On 02/28/2014 7:47 PM, William Hubbs wrote:
> On Sat, Mar 01, 2014 at 12:24:02AM +0000, David Leverton wrote:
>> William Hubbs wrote:
>>> And I would argue that the maintenance cost of having separate /usr in a
>>> general sense is much higher than the benefit it provides.
>>
>> That's a legitimate point (not that I necessarily agree or disagree as 
>> I'm not the one who's tried to make it work) - perhaps I should have 
>> acknowledged that it's still a trade-off.  I'm just trying to get rid of 
>> the meme that whatever benefits do exist somehow don't count because 
>> they weren't planned in the original Unix design.
> 
> Actually we are digressing heavily (I'm guilty too), the original point
> of this thread was about the fhs and how tightly we are supposed to
> follow it.
> 
> Patrick thinks that all configuration files belong in /etc, and what has
> happened is, some packages are placing default configuration
> files in /lib or /usr/lib and allowing them to be overridden by files
> with the exact same names and paths in /etc. His argument is that only
> libraries belong in /lib or /usr/lib.
> 
> I disagree with this based on understanding how the config system in
> these packages works. Also, I don't think a distro should do this type of
> patching if the patches are not accepted upstream.

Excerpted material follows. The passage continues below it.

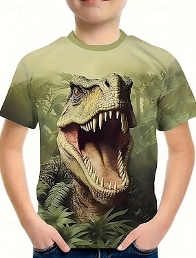 Мальчики 3D Динозавр Футболка С короткими рукавами Лето Весна Мода Классический Дети 4-12 лет Вырез под горло на открытом воздухе Повседневные Стандартный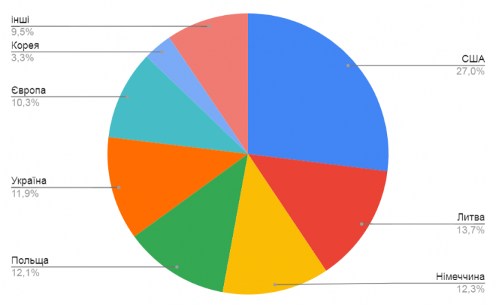 В целом США, Литва, Германия – лидеры по интересу к подержанных авто. Вместе они собирают 53% всего спроса с указанием геофактора (в среднем около 300 тыс. запросов в месяц).

Digressing a little myself, but trying to remain on point, the _only_ reason
I went with a split-/usr setup many years ago is because, back in the early
2000's, BOTH Debian's Security Handbook AND Gentoo's Security Handbook
recommended it as an option to enhance system security should all your other
defenses get compromised and an attacker gets onto the filesystem.  Does it
completely and utterly stop all lateral movement?  Nope.  Probably takes a
seasoned attacker all of 2-3mins to get around it.

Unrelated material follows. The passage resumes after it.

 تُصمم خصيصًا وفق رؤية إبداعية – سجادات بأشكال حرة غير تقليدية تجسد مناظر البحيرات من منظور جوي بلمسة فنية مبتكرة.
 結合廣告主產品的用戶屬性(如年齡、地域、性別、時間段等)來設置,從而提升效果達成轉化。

That setup has run great for years.  I rarely re-install entire OSes, too,
preferring to maintain and upgrade them.  I.e., one of my Windows installs
is over five years old, having started w/ Vista SP1 and now it's on Win7
SP1.  Most people reinstall Windows twice a year because it can become
cluttered up so quickly.

So when that Freedesktop.org page came out a few years ago and suddenly
declared that split-/usr was broken, I just felt snubbed by it.  I had
7-year old installs that booted just fine.  Who were these freedesktop.org
people that were dictating that my particular setup was suddenly broken?
Call it a case of having my "geek pride" insulted.  Like hell I was going to
change.

But, you know, in reality, they had a point.  Original System V UNIX did a
lot of weird things that probably made sense decades ago, but don't now.
You find this virtually endemic across a lot of OSes, too:

  - Windows is happy to let you dribble non-OS related files all over C:
(which makes backups and OS re-installs a lot of fun) -- this was fine in
Win95/Win98, but became more of an issue in XP and up.  Nowadays, people
usually install the OS to C: and put games/programs on a separate drive
entirely.

  - NetWare seems to roll dice when installing things into the SYS: volume.
 Some configs are in SYS:\SYSTEM\ETC, Apache lives in SYS:\APACHE2\, and a
lot of other bits are encoded into eDirectory attributes (DNS/DHCP configs).

  - The *BSDs make heavy use of /usr/local for things that can confuse
non-BSD users (at first).  Even the install locations of Ports varies across
the BSDs (FBSD has /usr/ports, DF/BSD has /usr/dports, NBSD has pkgsrc, etc).



Anyways, back on point, FHS is more-or-less deprecated.  It was reasonable
when Linux had a small ecosystem.  Now, Linux has a *huge* ecosystem that it
operates in.  Everything from small, embedded devices to multi-node
supercomputing clusters, to servers and desktops.  FHS does doesn't scale
well to all of those configurations.  Android pretty much ignores FHS, from
what I can tell.

Options really are boiled down to these three:

1. Continue to support FHS as much as possible, including patching upstream
packages when they violate FHS.

2. Ignore FHS entirely and let upstream packages do what they want, within
reason (i.e., some patching may be needed depending on if one was running
Gentoo/Linux or Gentoo/FreeBSD).

3. Develop our own, Gentoo-specific variant of FHS that we use and which
suits the particulars of our distribution in a way that we feel is sensible
(my choice).  Packages are patched as appropriate, after discussion/debate.
 For all we know, the way an upstream package does something by default
might be worth integrating into our FHS design.

Further on point #3, we'd have to probably develop a high-level,
kernel-agnostic layout that can be modified by kernel-specific differences.
 I.e., Gentoo/Linux is going to do things one way while Gentoo/FreeBSD is
going to do it a different way.  Ditto for Hardened or Embedded stuff.

-- 
Joshua Kinard
Gentoo/MIPS
ku...@gentoo.org
4096R/D25D95E3 2011-03-28

"The past tempts us, the present confuses us, the future frightens us.  And
our lives slip away, moment by moment, lost in that vast, terrible in-between."